Kürtler aynı tuhaflığa düşmek istemiyorlarsa geçmişe dair okumalarını daha özenli yapmalıdır derim. Sait’in birdenbire Kürt özgürlükçüsü olarak keşfedilip paylaşılamaz hale gelmesi de tam da sözün bu basamağında bana garip geliyor doğrusu.

Sait özgürlük savaşçısı değildir.

Bunun nedenine geçmeden işe yarayıp yaramayacağından pek de emin olmamakla birlikte kimi “hassasiyetlerden” gelebilecek eleştirileri savuşturabilmek için yazının girişine bir alıntı koydum. Bir nevi sigorta! Kısa olduğu için “cımbızlanmış” izlenimi verebilir ancak gerisi Mustafa Kemal övgüsü olduğu ve konunun dışına da taştığı için uzatmayıp, tadında olduğunu sandığım bir kertede bırakmayı tercih ettim.

Kısa olduğu için tekrarda niye sakıncası olsun: “...Şeyh Sait,Vahdettin adına ortaya çıktı..”

Bu sözler Kürt Halk Önderi Abdullah Öcalan’a aittir. (Gündem,4.9.2004)

***

Ayaklanmanın başladığı tarihin 13.2.1925 olduğunu biliyoruz.
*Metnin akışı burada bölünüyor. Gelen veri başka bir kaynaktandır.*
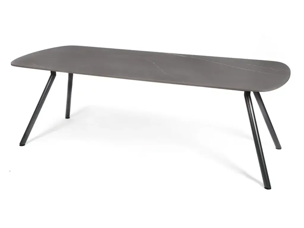 The Teso table meets the trend of today. The best materials, optical lightness and universally applicable, this is how the Teso table introduces itself. The Teso table offers a lot of legroom and a particularly high level of stability that has already convinced many customers. In addition to the square table and the rectangular sizes, the range is rounded off with the slightly oval table tops with the 12 mm ceramic and with fm-ceramtop in 6 mm with a surrounding frame. The frames of the tables with fm-lamiant and teak are offset inwards. The stable plates with fm-ceramtop in 12 mm and oval shape are placed on indented solid cross members.The Teso Collection stands for light and airy design. Its technically perfect tables provide plenty of legroom. The amount of available space under the tabletop invites to stretch out and creates the setting for a comfortable leisurly get-together. The Teso table sets new standards in design and material selection, which offers maximum durability and stability. It is available in three colours and invites you combine creatively to one's personal taste. The table frame is made of stainless steel powder coated in elegant anthracite or white. The resistant powder coating offers a fine structure in every design. With various sizes, the tables are recommended for various applications. With the Teso armchair slim, solid stainless steel tubes hold the tightly tensioned fm-soft rope in a tight covering. The wide, soft ribbons are masterly hand-braided and thus give the chair a very special, individual character and the best seating comfort. Two attractive color schemes adapt to the exterior in a stylish way. Of course, the armchair with the elegant fabric straps is weatherproof. The armchairs are optionally available with a comfortable cushion with a matching coloured outdoor fabric.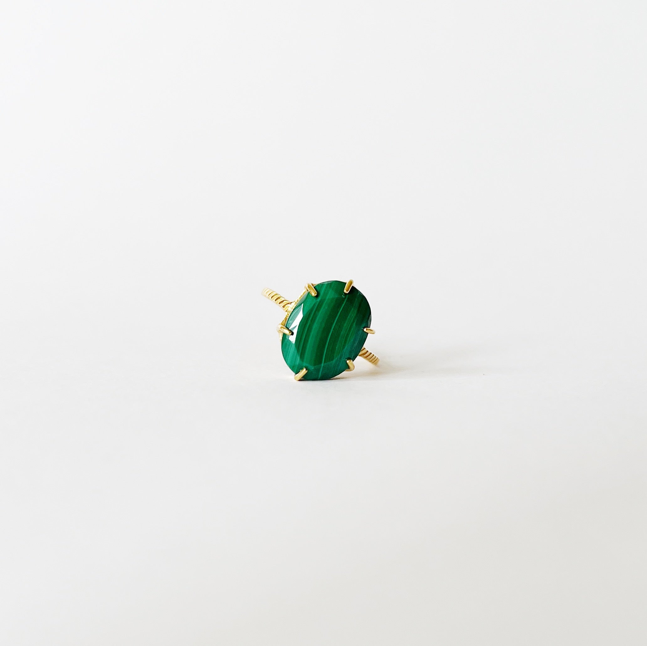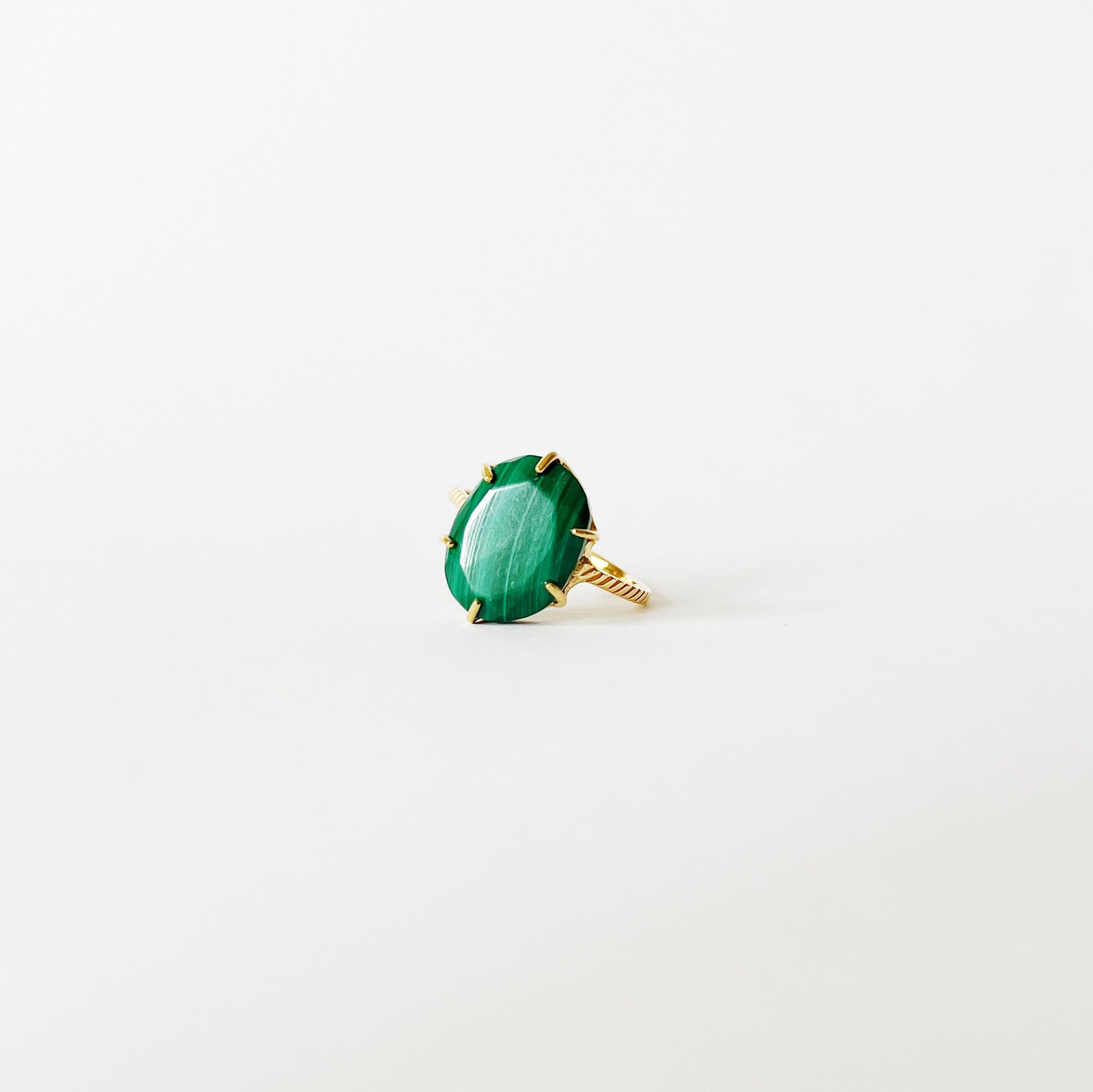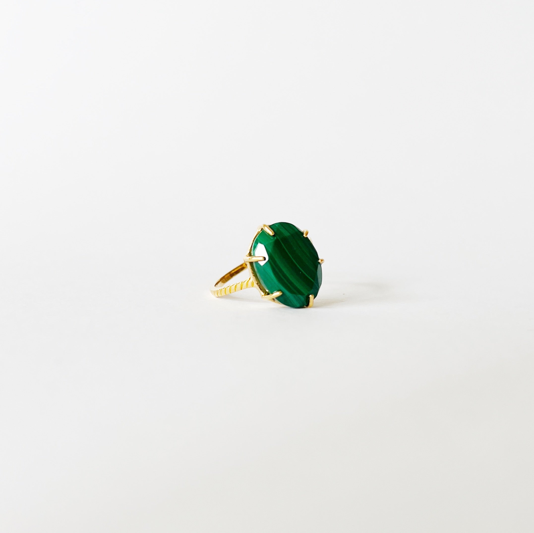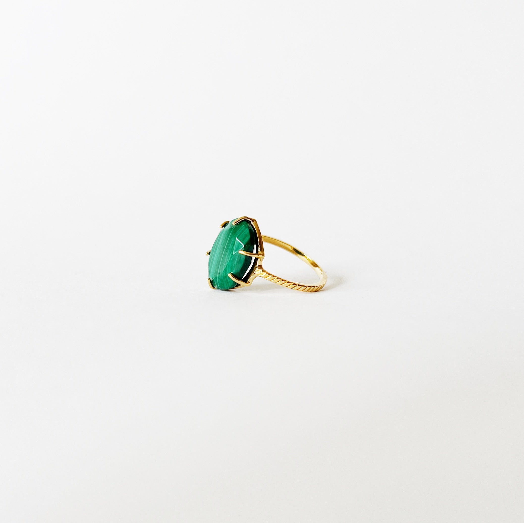 Made from 925 sterling silver, plated with 3.0 micron 18k gold. Topped with an oval shaped gemstone of green Malachite. A natural gemstone, which exists in many different variants.

Ancak çok sık gözden kaçan bir şey var. O da şu: O tarihlerde genç cumhuriyet bugün de önemini koruyan, ister devrim ister reform deyin, köklü değişimler için alınması zor kararlar almış, adımlar atmış. 3.3.1924'te Hilafet kaldırılmış, Tevhid-i Tedrisat Kanunu kabul edilmiş, gericilik yuvası medreseler kapatılmış, dinsel mahkemeler kaldırılmış. Yani dini kurum ve kuruluşlar ya tümüyle kaldırılıp yasaklanmış ya da köşeye sıkıştırmış.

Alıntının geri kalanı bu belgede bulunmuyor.